Her husband, more than two decades her senior and with a belly as big and round as hers, remained impassive through this whole ordeal. He did not seem the talkative type; indeed he and his wife did not address a single word to one another in any of their three public appearances in the village. I shook his hand in the reception line after the blessing, but we didn’t chat.

After the trek up and down the hill, the pair sat uncomfortably on the floor of Jacob’s mother’s house, backs to the musty wall. The Big Man’s mother threw herself into her son’s lap, sobbing loudly. He sat motionless until she transferred her grief to her daughter-in-law, snivelling into the girl’s long, straight hair, burrowing into her lap. The girl did some there-there back-patting and looked disconcerted. She smiled only once, to reassure two pale, Sunsilky-haired stepdaughters six or seven years younger than herself, the product of one of the earlier Javanese wives.

As abruptly as it had begun, the wailing stopped. The couple were forgotten and the party began. There were canned soft-drinks and prepackaged assortments of store-bought confections. These treats, rarely seen in the village, were taken as due now that there was a Big Man in town. Everyone grabbed for them with abandon, stashing them away to take home and fortifying themselves with more ordinary village fare: the cups of sticky tea and slabs of homemade cake that issued in waves from the back kitchen.

The dancing began, the women swaying and twirling in stately rows, changing direction with each ululation. Men kept time with drums, elders sang verses of traditional songs, and everyone had a joyous time. At a certain point it all got noticeably more joyous; the ululations trilling with energy and white envelopes being waved overhead. The Big Man had given the dancing ladies two and a half million rupiah between them, US$270, just because.

On Christmas Eve the stepdaughters turned up at church in matching electric pink. One wore a satinate flamenco dress, the other a lacy wedding affair. Both had pink-feathered fascinators on their heads, as if they were going to a society wedding; both wore miniature high heels. They came in late and flounced up the aisle to the front row with a ‘look at me’ imperative. The village girls flapped around them like moths around a flame. The father followed behind, still impassive.

His expression didn’t flicker when the church warden read out the contributions the church had received from various members of the ‘Big Family of Ohoiwait’. Pak Bram had sent a contribution from Tual. So had Pak Ayub, another member of Oma’s clan who was now head of the Department of Social Affairs and Employment for Central Maluku. There were many others who had made Christmas donations to their home village: 150,000 here, 300,000 there. The visiting MP had outdonated them all by a factor of ten.
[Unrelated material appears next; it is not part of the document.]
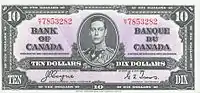 The 1937 Canadian banknote series is the second series of banknotes of the Canadian dollar issued by the Bank of Canada. The banknotes were issued into circulation on 19 July 1937,[1] at which time the Bank of Canada began gradually removing banknotes from the 1935 series from circulation.[2] The $1000 banknote was issued several years later, as it was primarily used by chartered banks, which had a sufficient supply of the 1935 Series $1000 banknote.[3]
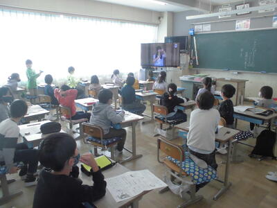 ( ↓ 大型モニターなどを活用して、児童同士が近づかなくてもいいようにしています。)

I wondered what it was like for him being back in this out-of-the-way place, a place with no air-conditioning, with no red-plated SUVs, with no fawning staff, hotel dinners, TV interviews. A place with no phone signal, even. He had come because his father had died recently; now he was technically head of the family. But he showed not a shred of pleasure at rediscovering the place where he grew up.